-- MATERIALS PROVIDED follows --
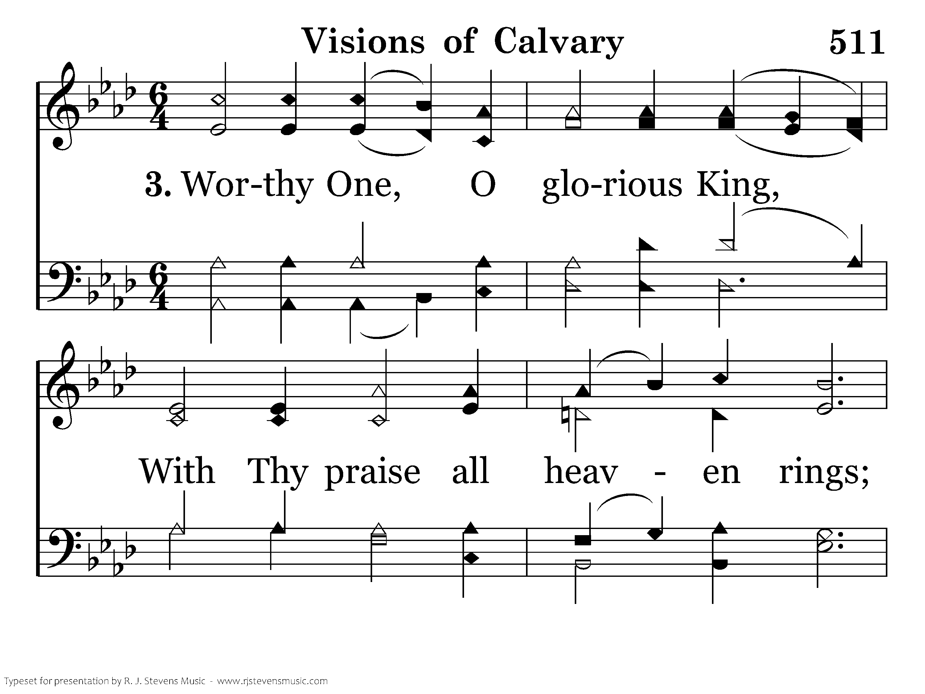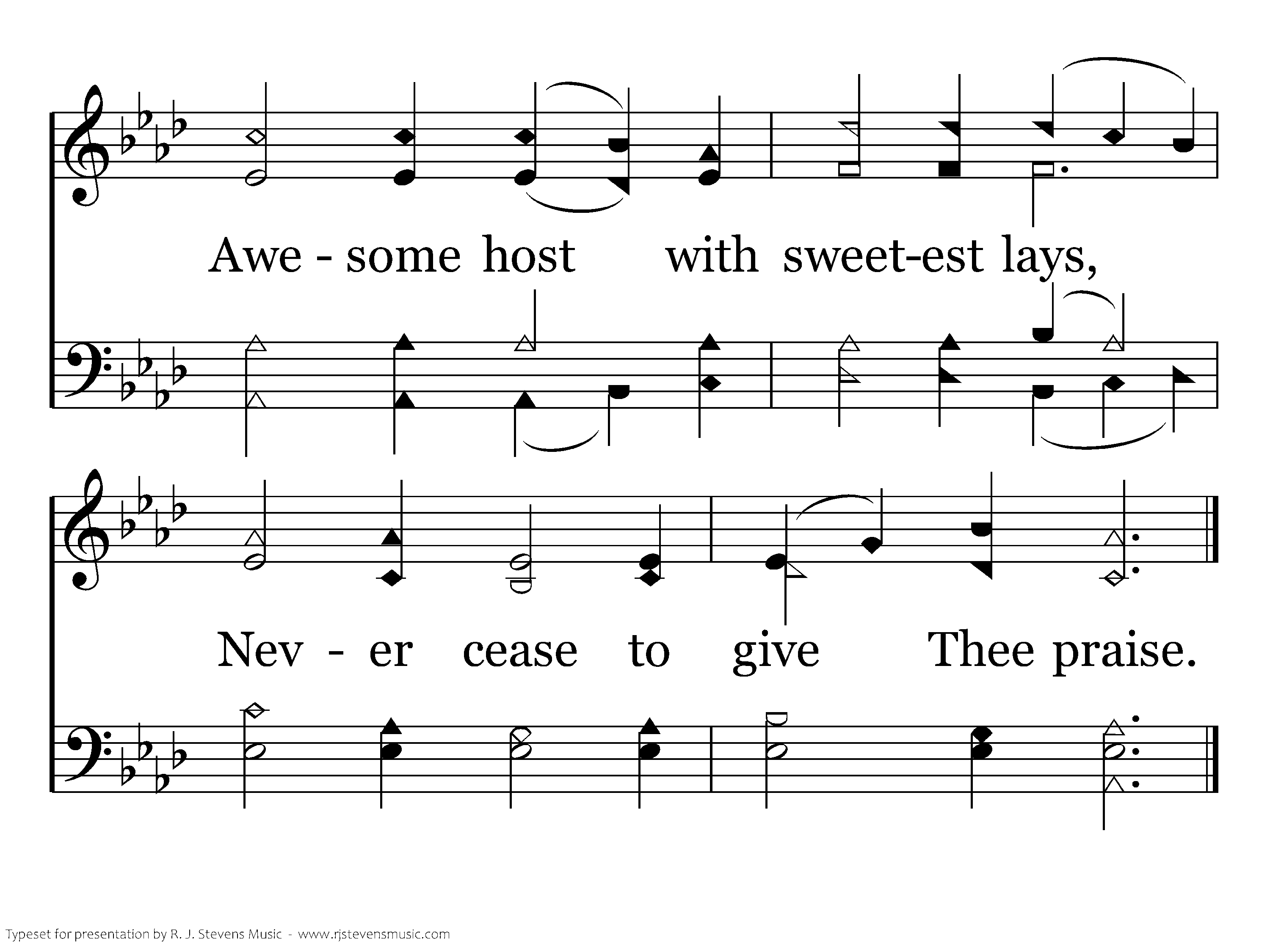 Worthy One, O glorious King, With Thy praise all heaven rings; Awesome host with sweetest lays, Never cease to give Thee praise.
-- MATERIALS PROVIDED concluded --
-- MATERIALS PROVIDED follows --
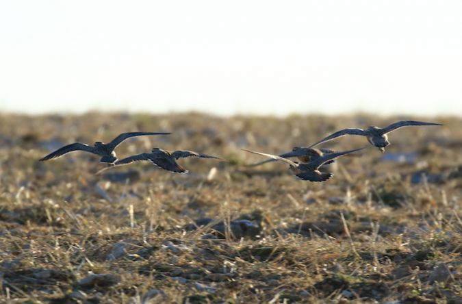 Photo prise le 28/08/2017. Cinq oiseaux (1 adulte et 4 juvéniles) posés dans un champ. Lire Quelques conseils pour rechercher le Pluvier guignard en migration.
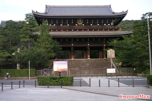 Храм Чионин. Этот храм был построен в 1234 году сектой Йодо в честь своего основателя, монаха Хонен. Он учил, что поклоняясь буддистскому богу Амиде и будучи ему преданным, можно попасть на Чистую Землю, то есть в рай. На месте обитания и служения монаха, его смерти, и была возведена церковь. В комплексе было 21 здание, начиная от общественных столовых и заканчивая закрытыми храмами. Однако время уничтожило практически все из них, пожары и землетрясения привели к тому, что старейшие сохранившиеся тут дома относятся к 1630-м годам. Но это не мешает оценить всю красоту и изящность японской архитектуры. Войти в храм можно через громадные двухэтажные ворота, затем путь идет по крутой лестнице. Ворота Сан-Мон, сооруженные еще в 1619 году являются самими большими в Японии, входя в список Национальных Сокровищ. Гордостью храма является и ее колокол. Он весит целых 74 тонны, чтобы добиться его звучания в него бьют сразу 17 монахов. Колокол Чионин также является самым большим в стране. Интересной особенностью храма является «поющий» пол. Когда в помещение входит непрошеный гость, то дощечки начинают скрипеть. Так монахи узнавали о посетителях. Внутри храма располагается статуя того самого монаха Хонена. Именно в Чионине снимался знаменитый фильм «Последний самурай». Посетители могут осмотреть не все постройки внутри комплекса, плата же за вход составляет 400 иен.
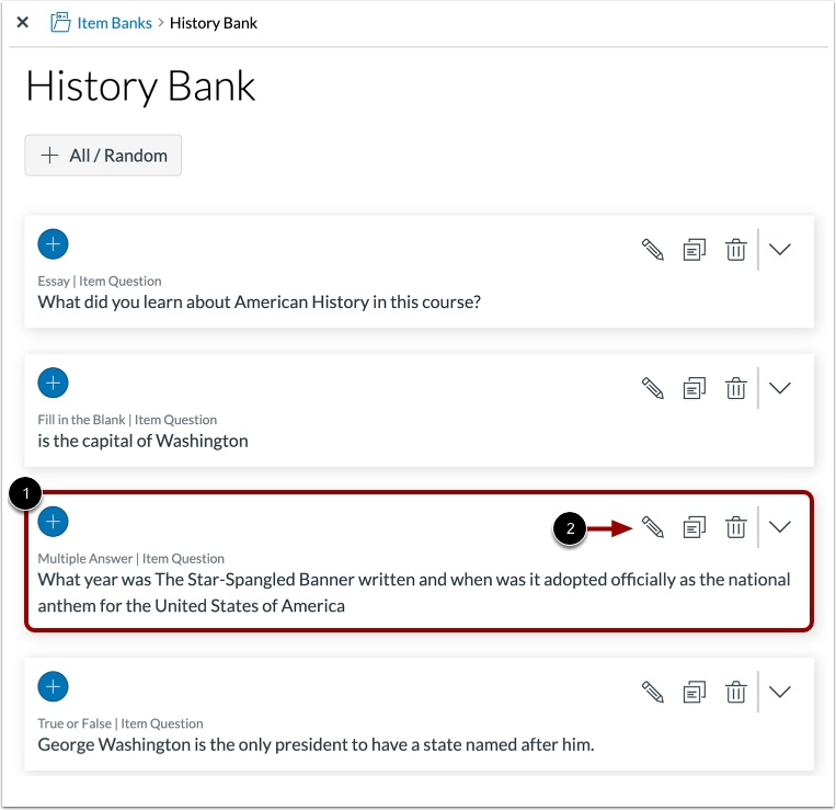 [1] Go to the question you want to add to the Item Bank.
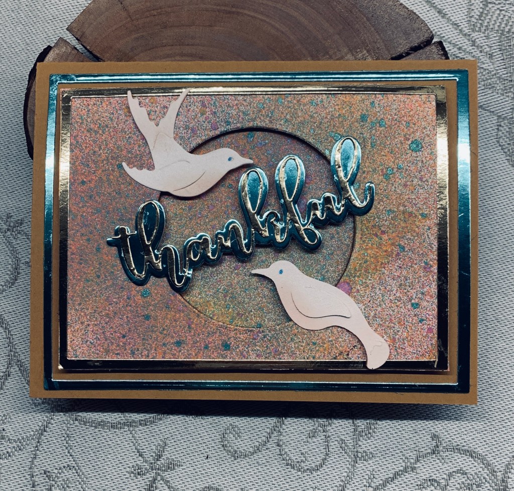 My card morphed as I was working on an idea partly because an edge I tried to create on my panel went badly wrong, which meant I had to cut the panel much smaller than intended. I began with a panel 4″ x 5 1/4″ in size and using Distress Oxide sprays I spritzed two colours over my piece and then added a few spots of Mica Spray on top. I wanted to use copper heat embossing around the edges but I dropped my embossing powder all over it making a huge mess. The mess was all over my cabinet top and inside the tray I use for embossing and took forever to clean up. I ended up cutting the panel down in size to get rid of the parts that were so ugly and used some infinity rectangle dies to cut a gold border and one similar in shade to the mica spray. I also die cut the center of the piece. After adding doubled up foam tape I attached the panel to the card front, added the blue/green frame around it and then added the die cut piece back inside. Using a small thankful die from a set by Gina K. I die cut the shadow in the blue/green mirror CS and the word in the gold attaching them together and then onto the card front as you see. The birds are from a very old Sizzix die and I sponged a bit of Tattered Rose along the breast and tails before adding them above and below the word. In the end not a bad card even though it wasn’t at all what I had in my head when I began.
-- MATERIALS PROVIDED concluded --
-- MATERIALS PROVIDED follows --
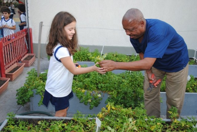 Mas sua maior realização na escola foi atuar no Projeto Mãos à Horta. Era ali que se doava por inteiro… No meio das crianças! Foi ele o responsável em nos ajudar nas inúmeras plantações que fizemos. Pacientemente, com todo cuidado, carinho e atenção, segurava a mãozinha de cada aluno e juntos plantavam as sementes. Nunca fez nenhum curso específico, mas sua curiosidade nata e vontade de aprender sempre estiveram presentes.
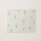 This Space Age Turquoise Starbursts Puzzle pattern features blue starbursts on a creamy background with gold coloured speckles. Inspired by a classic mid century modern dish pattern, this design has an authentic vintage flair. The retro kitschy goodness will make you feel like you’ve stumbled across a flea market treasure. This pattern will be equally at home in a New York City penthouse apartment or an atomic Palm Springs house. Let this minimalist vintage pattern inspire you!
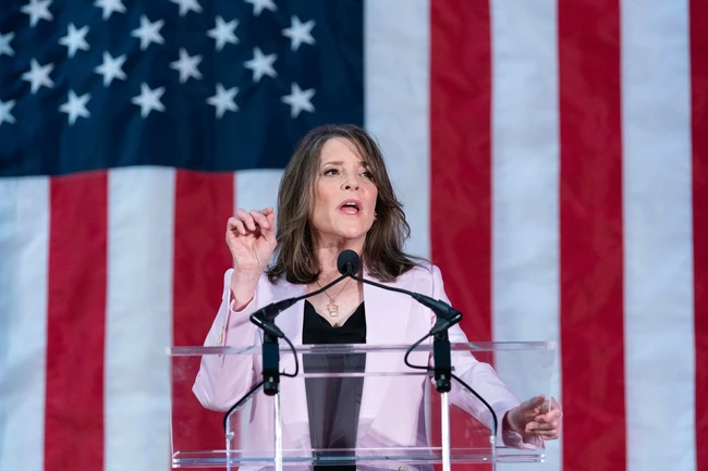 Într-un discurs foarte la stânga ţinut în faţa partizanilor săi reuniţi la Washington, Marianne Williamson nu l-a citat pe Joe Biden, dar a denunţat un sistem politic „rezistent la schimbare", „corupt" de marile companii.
-- MATERIALS PROVIDED concluded --
▶ ASSIGNMENT:
Since the pictures are not part of the copy, please transcribe only the lines above from the one with "[1] Go to the" through the one with "My card morphed", exactly and with both ends.

▶ WRITTEN RESPONSE:
 [1] Go to the question you want to add to the Item Bank.
 My card morphed as I was working on an idea partly because an edge I tried to create on my panel went badly wrong, which meant I had to cut the panel much smaller than intended. I began with a panel 4″ x 5 1/4″ in size and using Distress Oxide sprays I spritzed two colours over my piece and then added a few spots of Mica Spray on top. I wanted to use copper heat embossing around the edges but I dropped my embossing powder all over it making a huge mess. The mess was all over my cabinet top and inside the tray I use for embossing and took forever to clean up. I ended up cutting the panel down in size to get rid of the parts that were so ugly and used some infinity rectangle dies to cut a gold border and one similar in shade to the mica spray. I also die cut the center of the piece. After adding doubled up foam tape I attached the panel to the card front, added the blue/green frame around it and then added the die cut piece back inside. Using a small thankful die from a set by Gina K. I die cut the shadow in the blue/green mirror CS and the word in the gold attaching them together and then onto the card front as you see. The birds are from a very old Sizzix die and I sponged a bit of Tattered Rose along the breast and tails before adding them above and below the word. In the end not a bad card even though it wasn’t at all what I had in my head when I began.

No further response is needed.